● **Exercise requirements**: Type the listing below out again exactly. No images.

● **Collected data**:

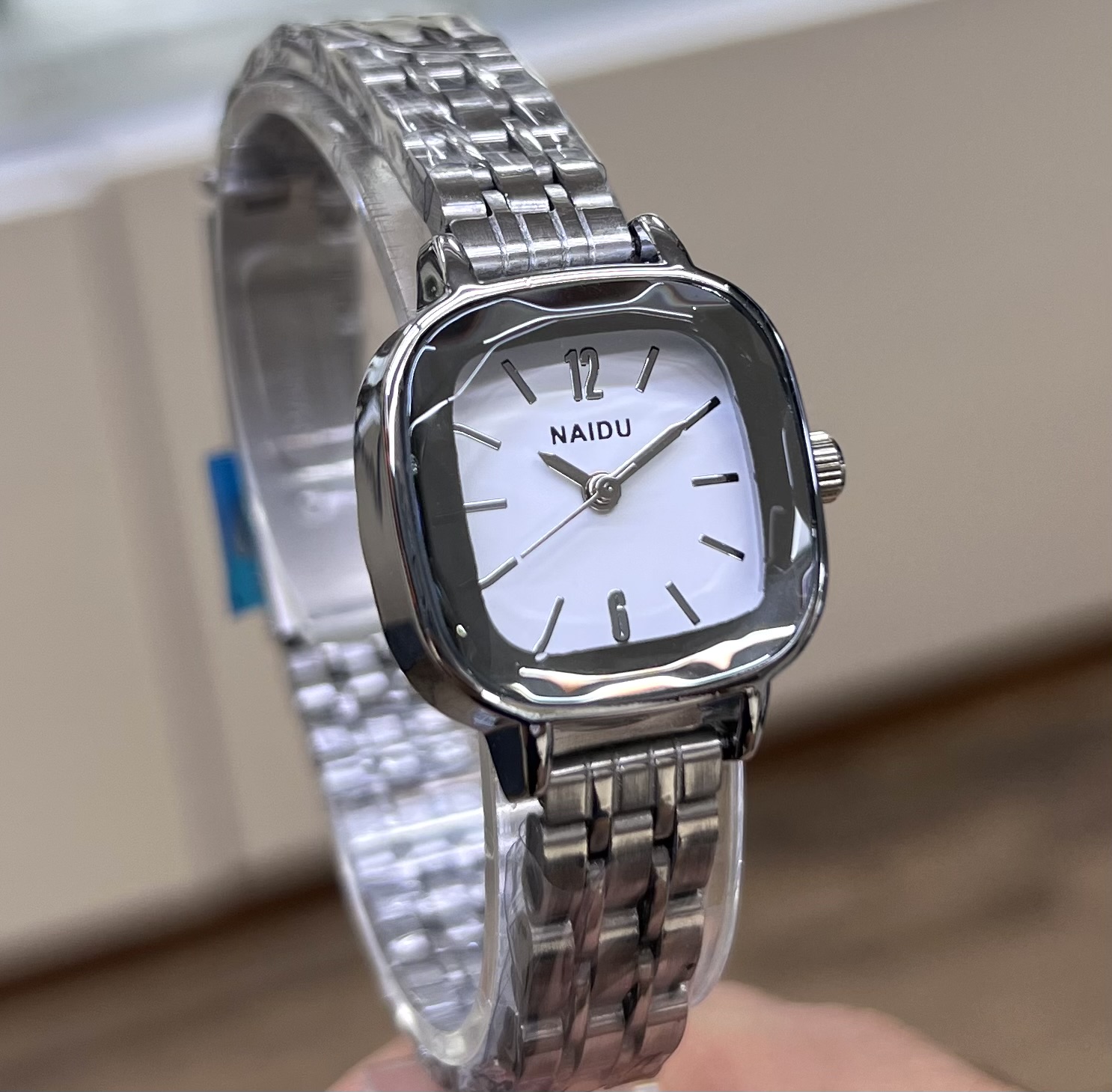 ساعت مچی زنانه نایدو مدل 9218 بند استیل مربعی سفید
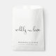 Simple, stylish "wildly in love" wedding day favour bag in a modern minimalist design style with a handwritten script typography in classic black on ecru written in an informal casual style. The text can easily be personalised for a unique one of a kind design for your special day. The perfect wedding favour for nature, gardening and flower lovers (wild flower seeds not included)!
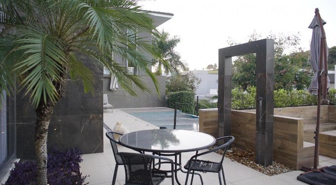 - Piscina com borda infinita, iluminação, prainha e ducha cascata
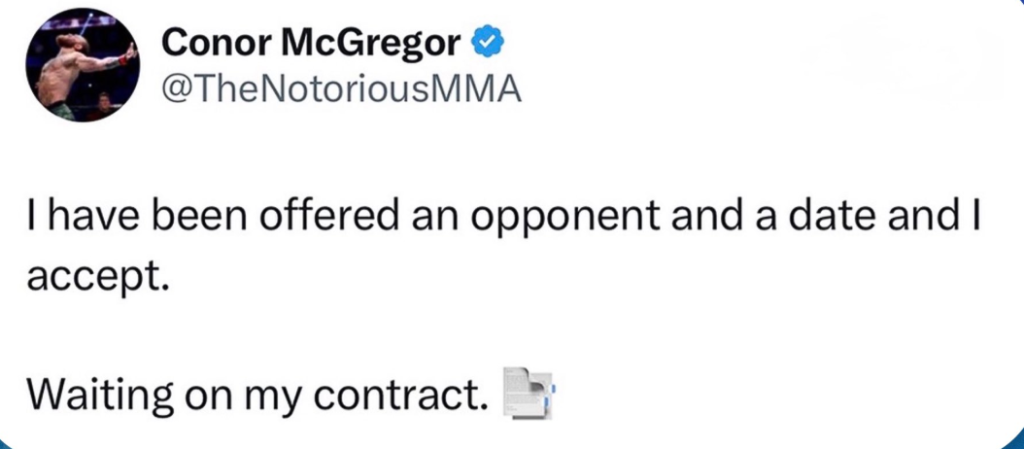 Recently, “The Notorious” posted on X, claiming that he’s been offered an opponent and a date for his comeback, which he has accepted. However, he is still waiting for his contract.

● **Response to the exercise**:
 ساعت مچی زنانه نایدو مدل 9218 بند استیل مربعی سفید
 Simple, stylish "wildly in love" wedding day favour bag in a modern minimalist design style with a handwritten script typography in classic black on ecru written in an informal casual style. The text can easily be personalised for a unique one of a kind design for your special day. The perfect wedding favour for nature, gardening and flower lovers (wild flower seeds not included)!
 - Piscina com borda infinita, iluminação, prainha e ducha cascata
 Recently, “The Notorious” posted on X, claiming that he’s been offered an opponent and a date for his comeback, which he has accepted. However, he is still waiting for his contract.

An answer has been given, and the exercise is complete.